* Work instruction
Once the line containing "Fashion star zircon" is located in the records below, repeat it and all lines that follow it exactly, leaving out any picture.

Segment Start: Data

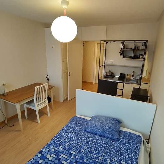 Uthyrningsdel i en bostadsrätt med egen separat ingång. 4 minuters promenad till buss och pendeltåg Rummet har ett pentry med kylskåp, mikrovågsugn och induktionshäll. Egen dusch och toa nyrenoverat. Internet, värme, varmvatten och el ingår i hyran. Hyr ut den 1 år med möjlighet till förlängning. Möjlighet att låna p-plats vid behov. Hyresgästen måste teckna egen hemförsäkring. Serviceavgift för hyresgäst: 377
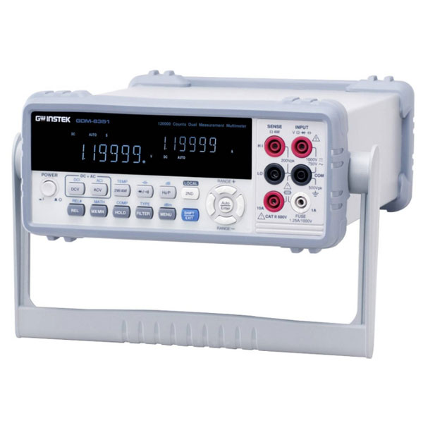 GW Instek presents the new 5 1/2 digit dual measurement multimeter GDM-8351 as a replacement for the GDM-8251A of the same category. The GDM-8351 offers a VFD dual display, a maximum of 120,000 counts, 0.012% basic DC accuracy and USB/RS232C connections to provide the user with high measurement accuracy, clear data monitoring and convenient connection to the computer.
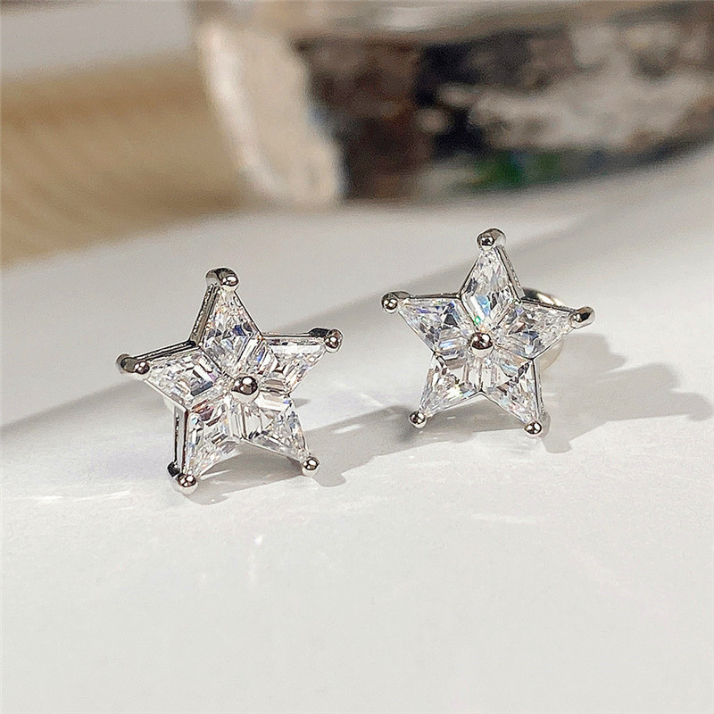Fashion star zircon earrings for women simple temperament five-pointed star earrings beautiful and versatile student earrings
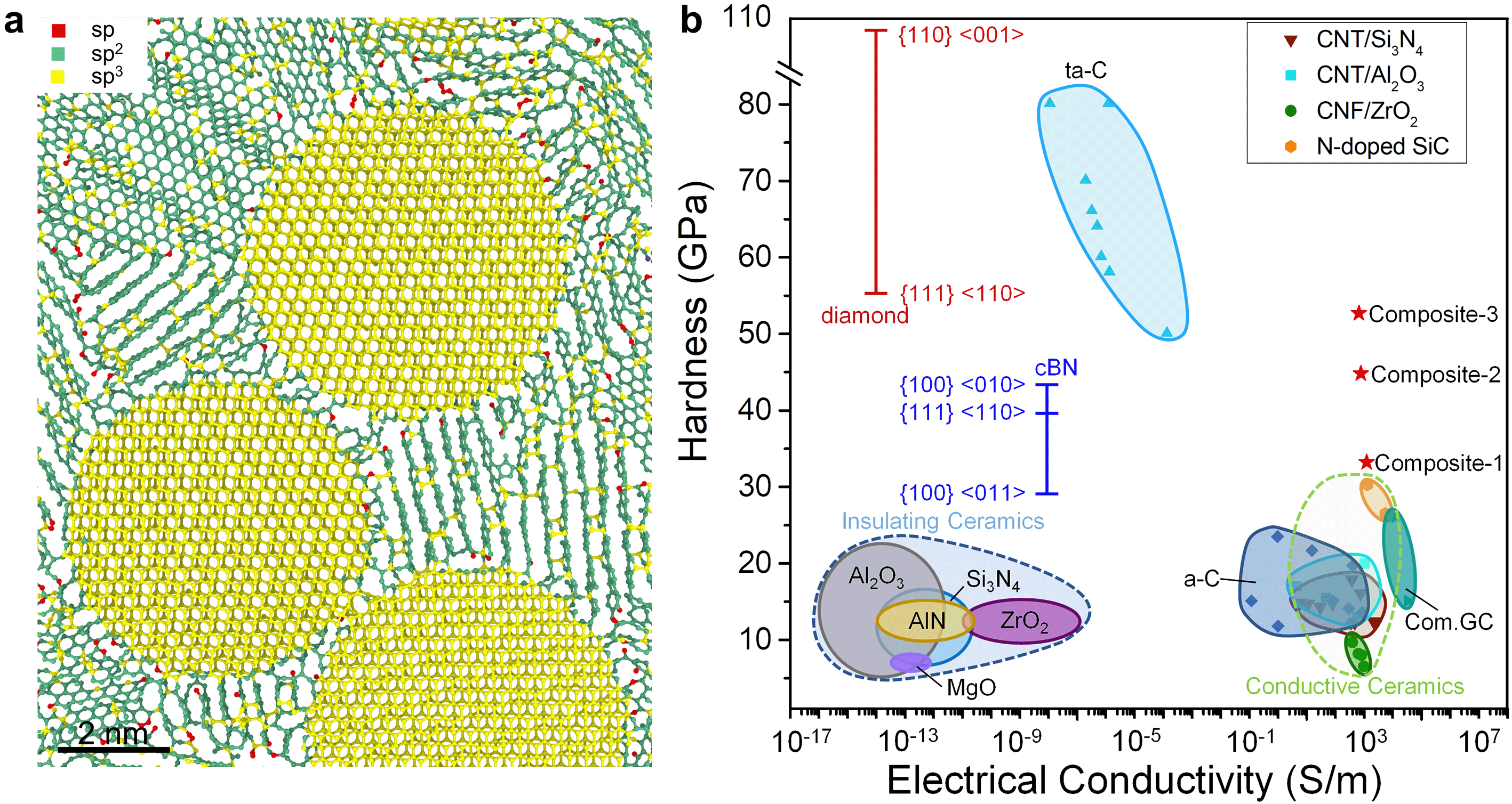 【新闻中心讯】近日,乌鸦传媒亚稳材料制备技术与科学国家重点实验室高压科学中心田永君院士、赵智胜教授与清华大学李晓雁教授、丹麦奥尔堡大学岳远征教授等国内外学者合作,通过调控玻璃碳在高温高压下的相变合成出超硬、超强、导电的非晶碳/纳米金刚石自生复合材料,并阐明了非晶碳到金刚石的直接相变机制。研究成果以“超强导电的由非共格嵌入无序多层石墨烯中的纳米金刚石组成的自生复合材料”(Ultrastrong conductive in s...
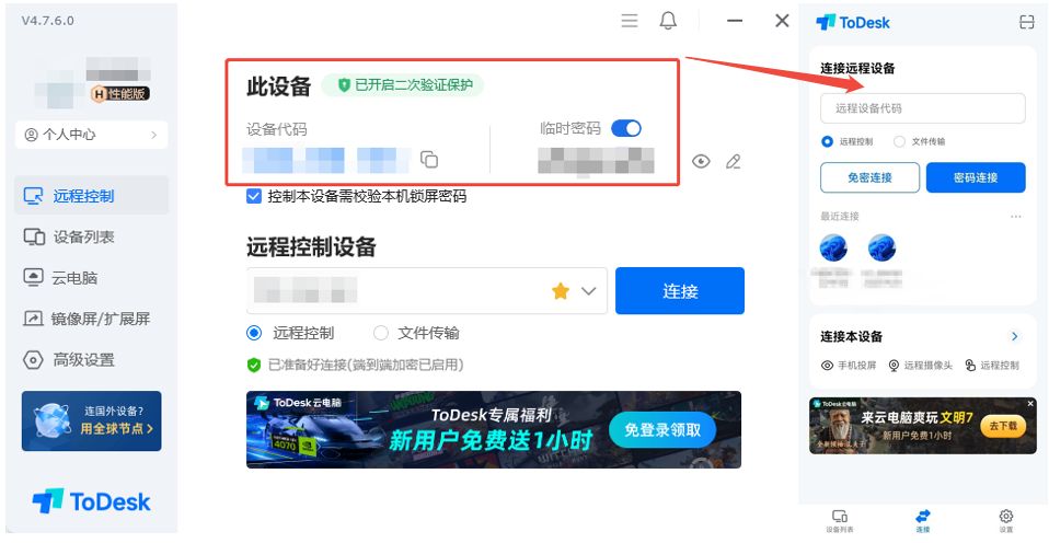 随后需要注册登录,然后依据界面提示进行操作。以手机远程连接公司的高配电脑为例,将PC端ToDesk中的设备代码和连接密码依次输入连接信息位置并完全确认即可。如果是远程协作的场景则更加方便些,如在家直接帮同事或甲方调整海报等啊,那么选择免密连接对方在设备前点击同意给确认会更快。

Segment End: Data

* Output of the task
Fashion star zircon earrings for women simple temperament five-pointed star earrings beautiful and versatile student earrings
 【新闻中心讯】近日,乌鸦传媒亚稳材料制备技术与科学国家重点实验室高压科学中心田永君院士、赵智胜教授与清华大学李晓雁教授、丹麦奥尔堡大学岳远征教授等国内外学者合作,通过调控玻璃碳在高温高压下的相变合成出超硬、超强、导电的非晶碳/纳米金刚石自生复合材料,并阐明了非晶碳到金刚石的直接相变机制。研究成果以“超强导电的由非共格嵌入无序多层石墨烯中的纳米金刚石组成的自生复合材料”(Ultrastrong conductive in s...
 随后需要注册登录,然后依据界面提示进行操作。以手机远程连接公司的高配电脑为例,将PC端ToDesk中的设备代码和连接密码依次输入连接信息位置并完全确认即可。如果是远程协作的场景则更加方便些,如在家直接帮同事或甲方调整海报等啊,那么选择免密连接对方在设备前点击同意给确认会更快。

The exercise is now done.